4. **Report** saved under `results/<run_id>/`:
   - `missing_bars_summary.json`
   - `imputed_sequence_summary.json` with counts.
   - `sac_imputed_transitions.csv` (optional detailed log).

---

### 7 | Unit tests

**Files:** `tests/test_data_loader.py`, `tests/test_sequence_creation.py`, `tests/test_trading_env.py`

1. **`test_data_loader.py`**:
   - Synthetic gappy DataFrame → assert `bar_imputed` flags and each strategy’s output.

2. **`test_sequence_creation.py`**:
   - Build toy DataFrame with `bar_imputed`; assert sequences dropped when `drop_imputed_sequences=True`.

3. **`test_trading_env.py`**:
   - Create `TradingEnv` with known imputed steps; for each `imputed_handling` mode assert `step()` behavior:
     - `skip` moves without adding to buffer;
     - `hold` returns same position;
     - `penalty` returns negative reward equal to penalty formula.

---

### 8 | Documentation

1. **README.md** → add **Data Quality** section describing missing‑bar handling, config keys, and recommended defaults.

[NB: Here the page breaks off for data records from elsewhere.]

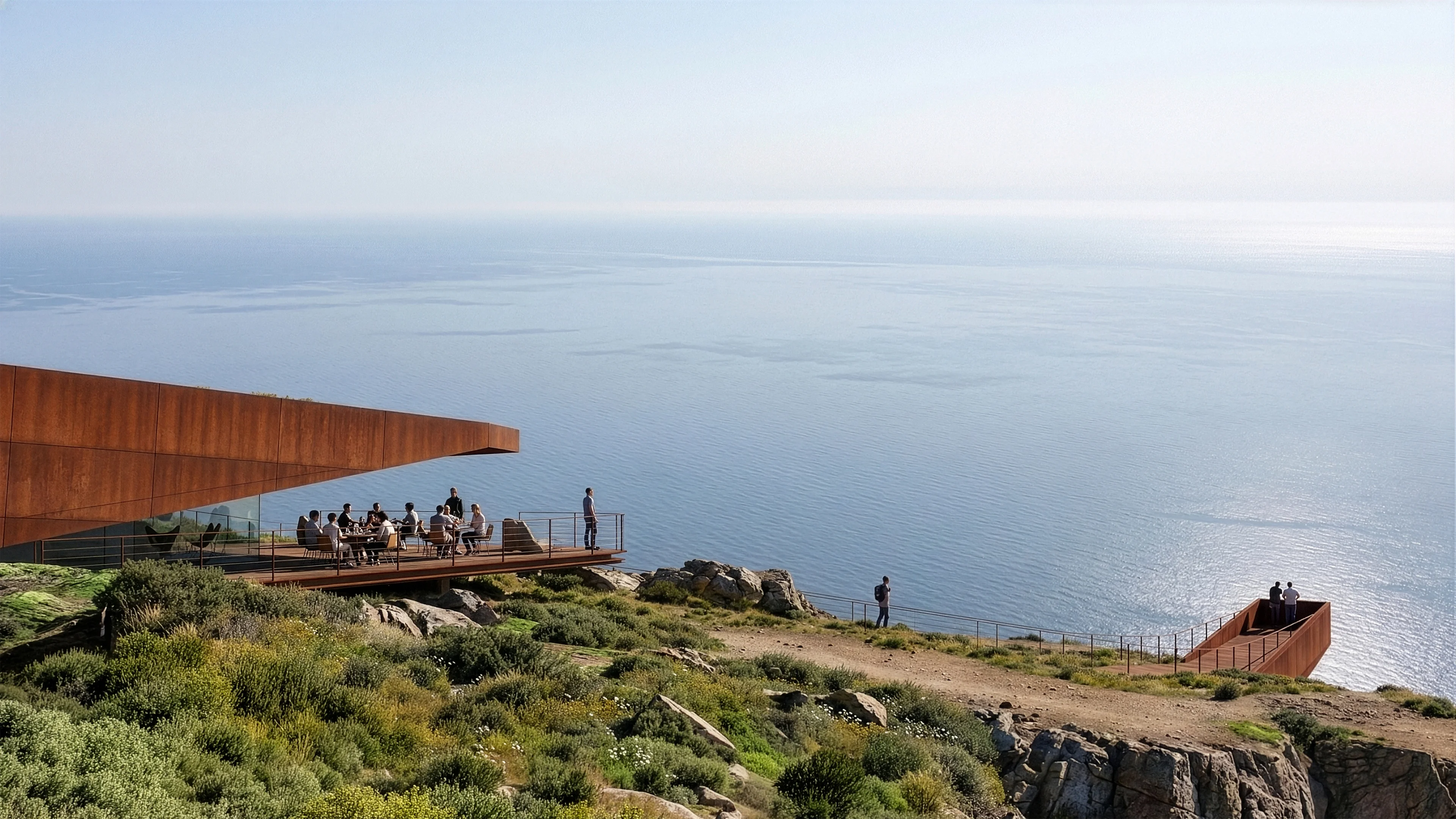 O miradouro constitui o gesto mais expressivo: um pontão panorâmico de livre circulação, quase sobre o oceano, pensado como percurso e espaço de permanência, com vistas de 360 graus. Plataformas intermédias e zonas de estadia marcam momentos de pausa e contemplação, garantindo segurança e continuidade visual ao longo do trajecto.
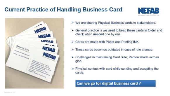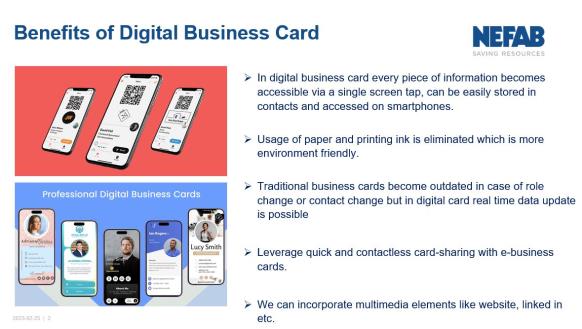 In digital business card every piece of information becomes accessible via a single screen tap, can be easily stored in contacts and accessed on smartphones. Usage of paper and printing ink is eliminated which is more environment friendly. Traditional business cards become outdated in case of role change or contact change but in digital card real time data update is possible. Leverage quick and contactless card-sharing with e-business cards. We can incorporate multimedia elements like website, linked in etc.
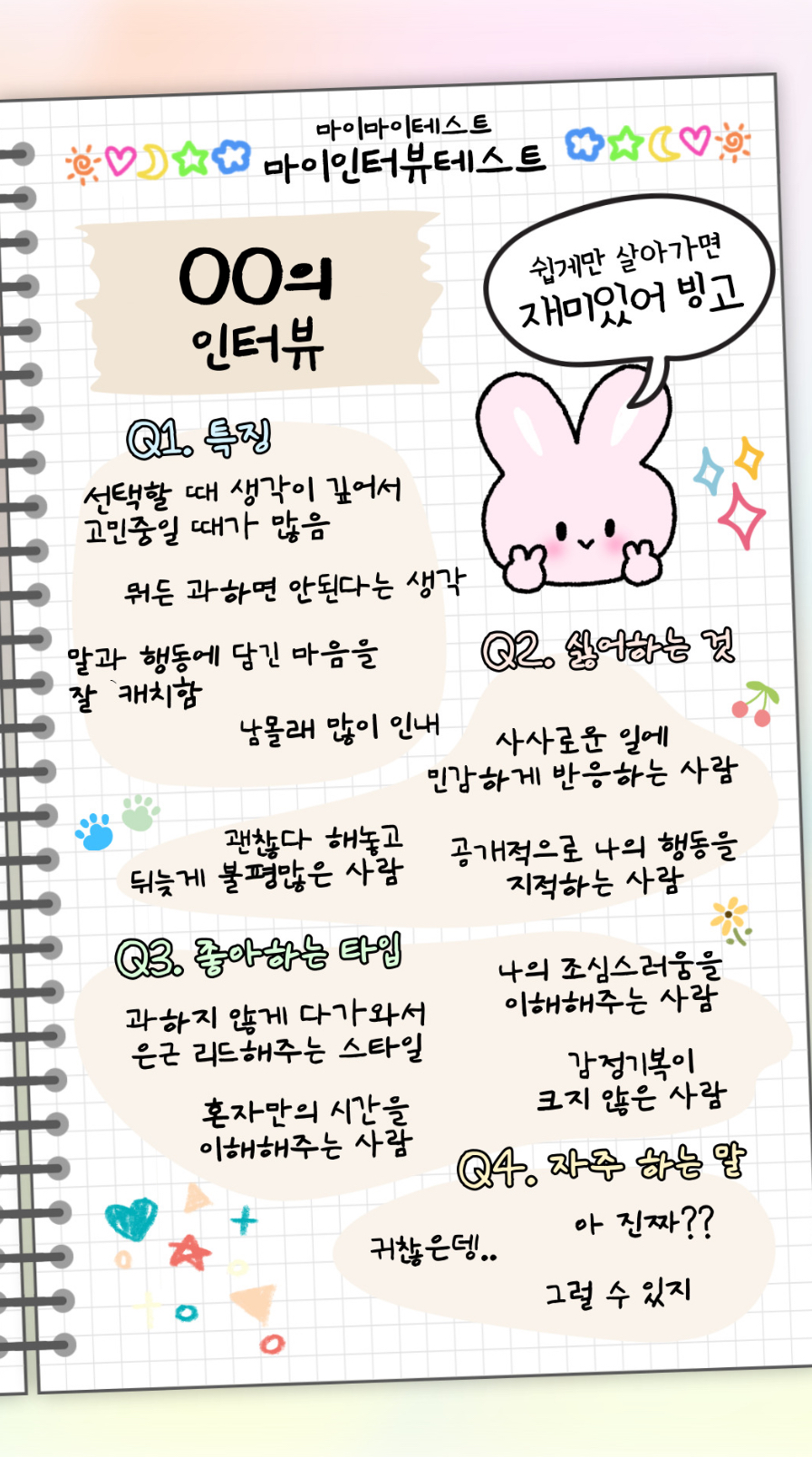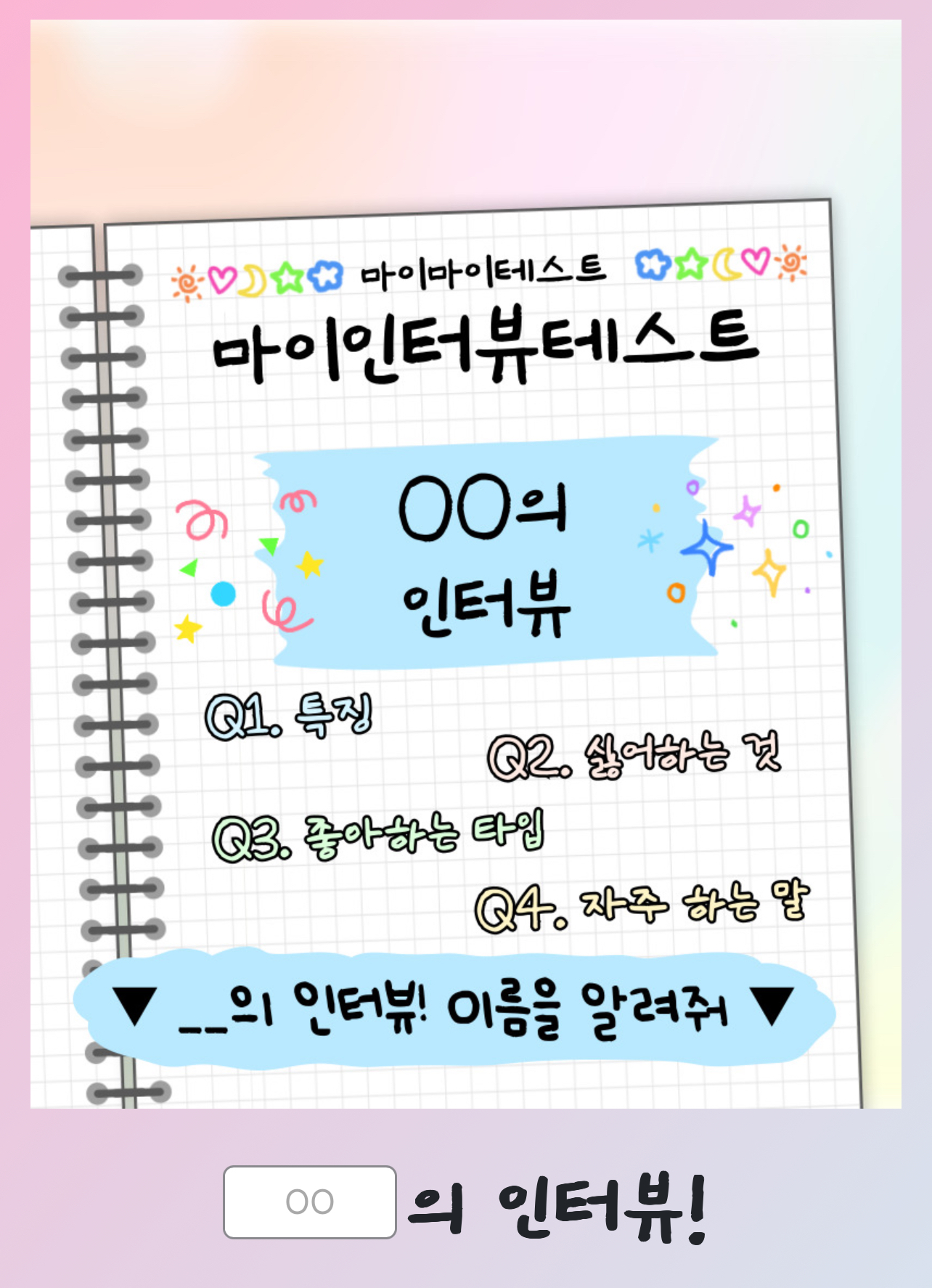 시작에 앞서 OO의 인터뷰! 빈칸에 본인의 이름이나 닉네임을 입력해주세요
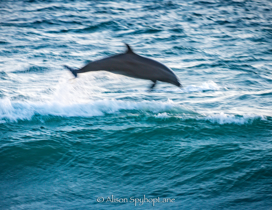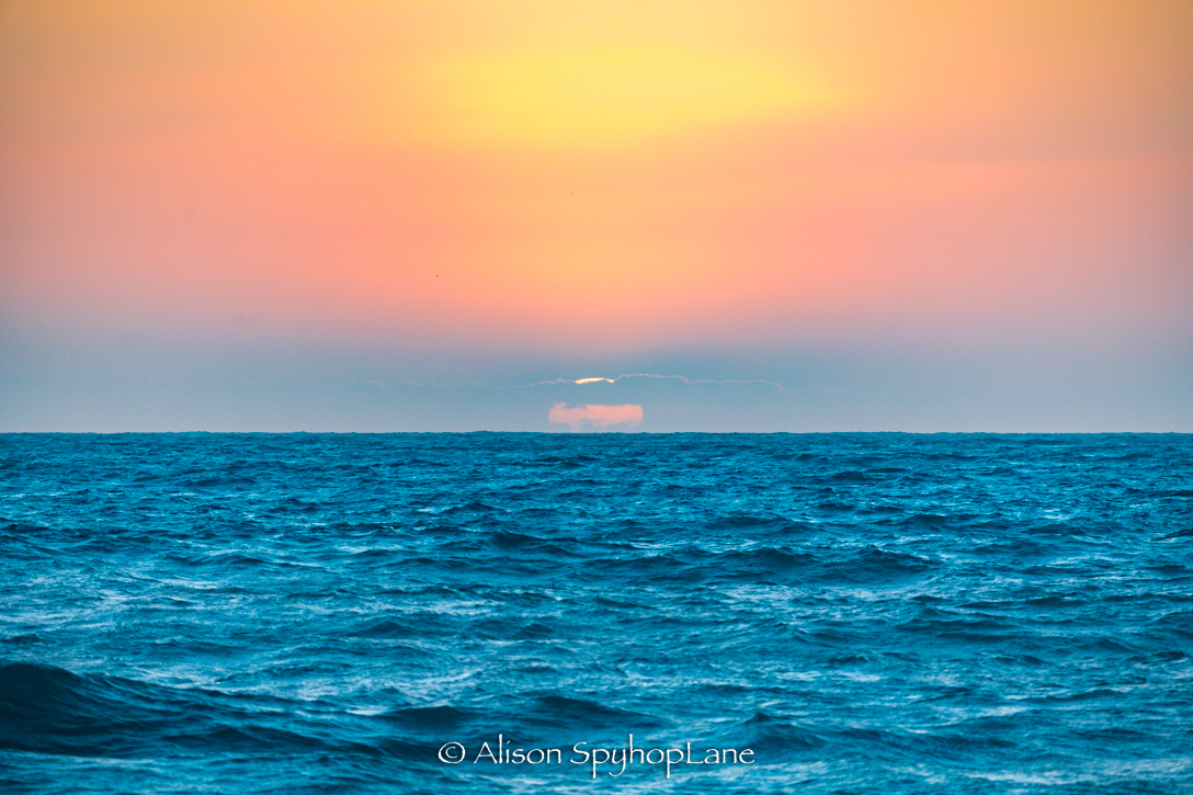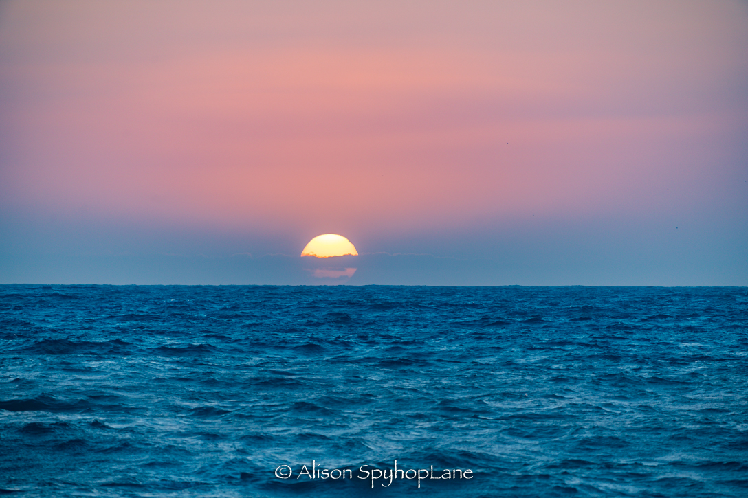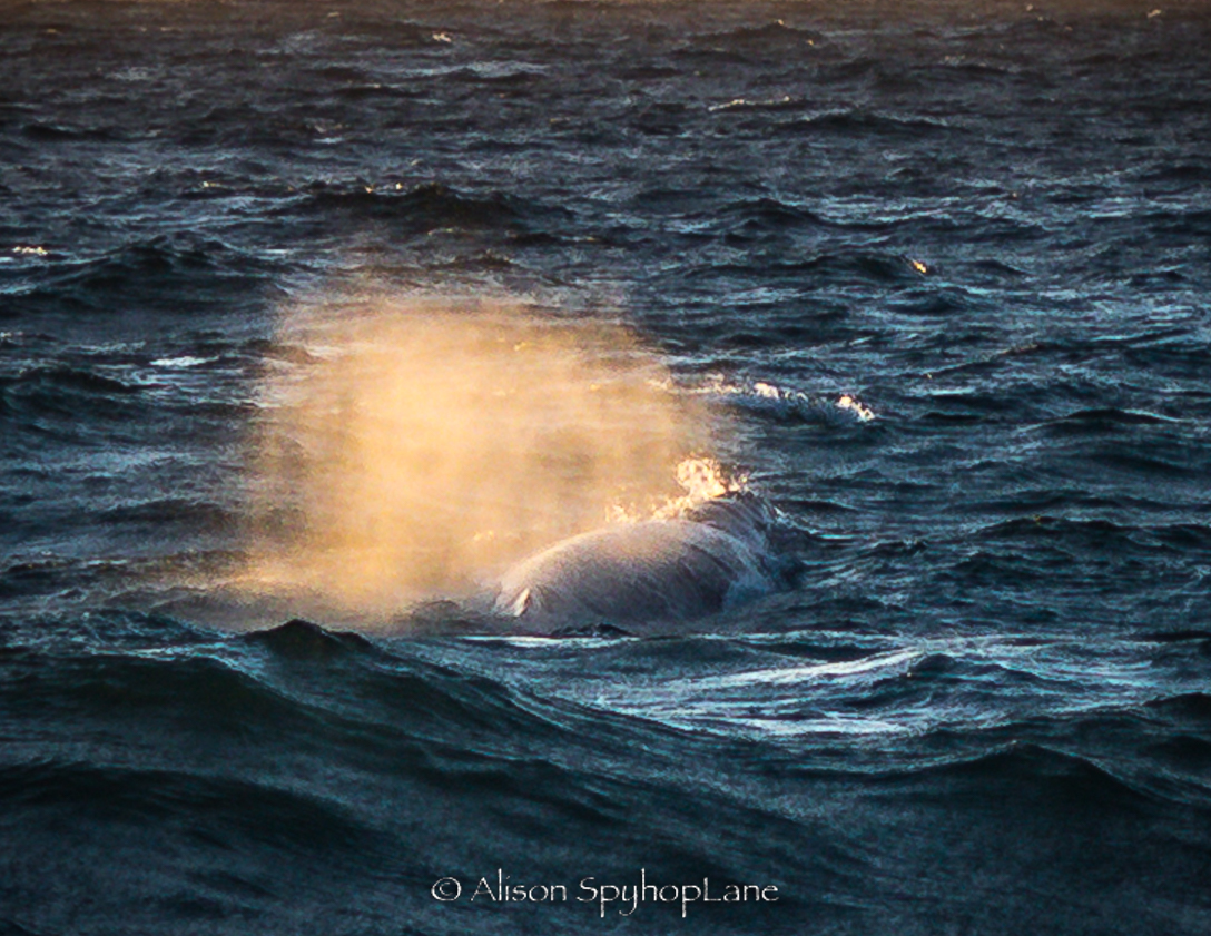 Cold and brisk, 58 degrees with 20+mph winds. Rough choppy surf. A trio of gray whales split up into a pair as a solo gray whale traveled through, out to deeper water passing the point. The pair came in to the point displaying several low key whale behaviors which included several bubble blasts and footprints with a tiny mix of sharking and rolling. Several directions changing directions in the cove until finally one left and headed out to deeper water and the last one stayed close to shore, traveling just outside the surf line until Tower 2 and went out on its way north. One whale was thin with double dips at cervical (neck) area, seen as it was leaving in the photos below, its body had interesting contours. A dolphin popped up in the surf as the last whale was heading out and porpoised in the surf just once! The setting sun caused the sky to turn a shade of lavender and ended looking like pink and orange sherbet as it dipped below the hazy cloudy horizon.
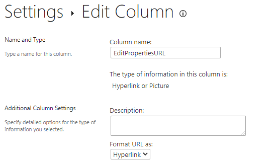 Step 1 – Add Hyperlink list column called EditPropertiesURL
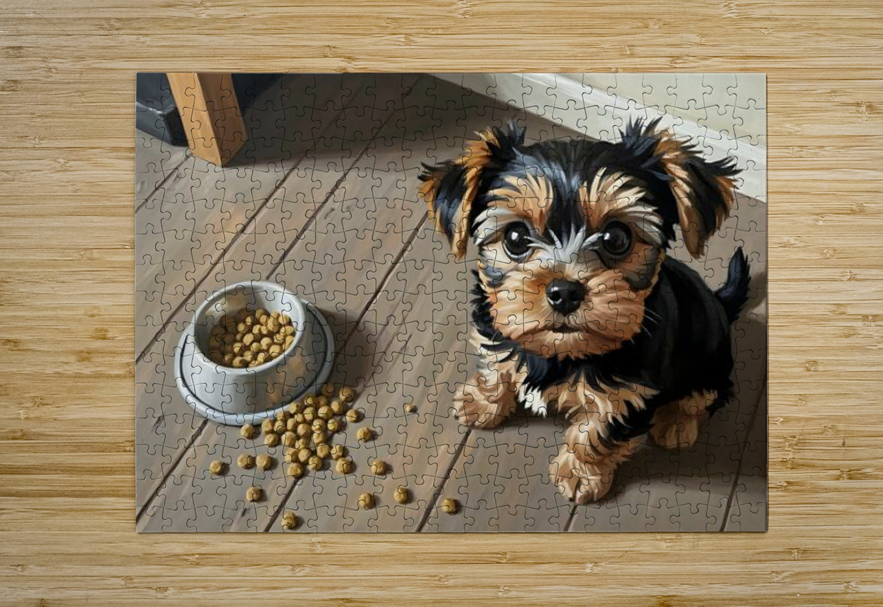 Brown Yorkshire Terrier Puppy With Overturned Food Bowl Puppy Prints Puzzle
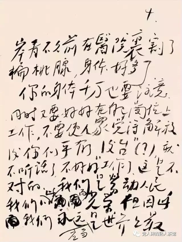 “要好好在自己崗位上工作,不要使人家覺得解放後你似乎有了‘後台’就不聽話了,不好好工作了,這是不對的。我們是勞動人民,我們以此而光榮,但因此我們永遠應當是世界上最忠實、最純潔、最勤勞、最樸素、最剛強而又善良的人。望你永遠不失這種偉大工人階級的優良品質!寶貴這種偉大的優良品質,去掉一切不好的非工人階級的品質**!**”
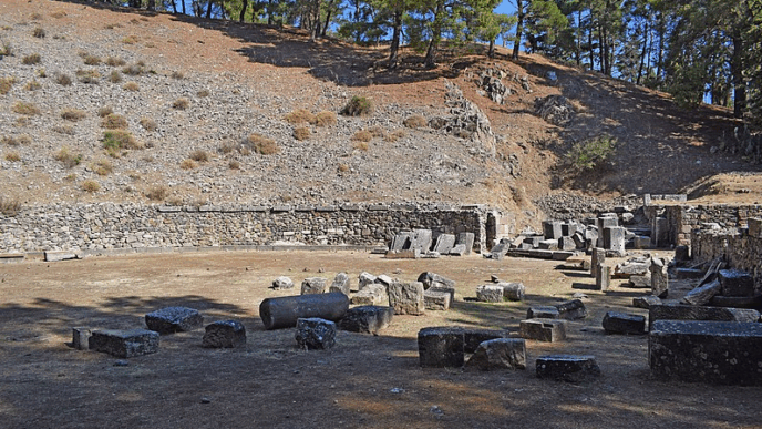 Η ίδια αίσθηση κυριαρχεί και σε έργα, όπως «Η μονομαχία του Αχιλλέα» ή «Ο Θησέας», όπου η αφήγηση παραμένει απλή, δυνατή και συγκινητική. Στα έργα του με θέματα από το δωδεκάθεο, όπως «Η Αθηνά και η Άρτεμις» ή «Η Άρτεμις κυνηγώντας», οι μορφές παρουσιάζονται με τη γνωστή επίπεδη προοπτική και τα καθαρά, φωτεινά χρώματα του Θεόφιλου. Έτσι, η μυθολογία γίνεται οικεία και λαϊκή – μια ιστορία που θα μπορούσε να ειπωθεί στο καφενείο, ανάμεσα σε φίλους.
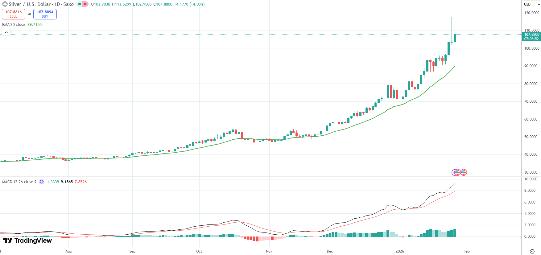 Spot Silver held in proximity to an all-time high of $117.69/oz. on Tuesday amid persistent geopolitical tensions, a crisis of confidence in the US administration and broader economic uncertainty.
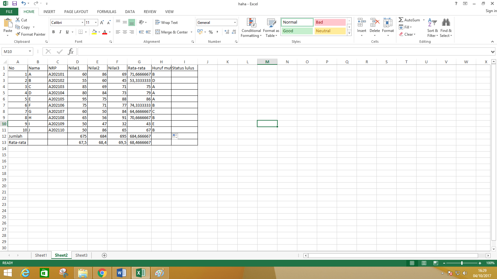 masukkan data excel word pelajaran teknologi kehidupan
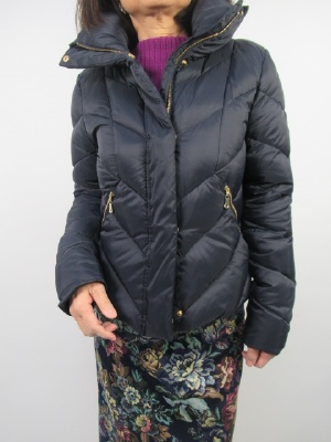 花柄が印象的なタイトスカートにパープルのリブニットを合わせました。柄物デザインを取り入れるときは他をシンプルでベーシック物で合わせると挑戦しやすいですね。色でトレンドを抑えると良いです。ショート丈のダウンコートで大人可愛いスタイルに!

2. **docs/v3_changelog.md** → note new missing‑bar feature and cfg flags.

---

**Roll‑out Plan:**

- **PR 1:** Config + data_loader missing‑bar detection & fill + tests.
- **PR 2:** Sequence creation & GRU channel update + tests.
- **PR 3:** SAC env updates + tests.
- **PR 4:** Logging/artefacts + docs.

Merge each after CI passes.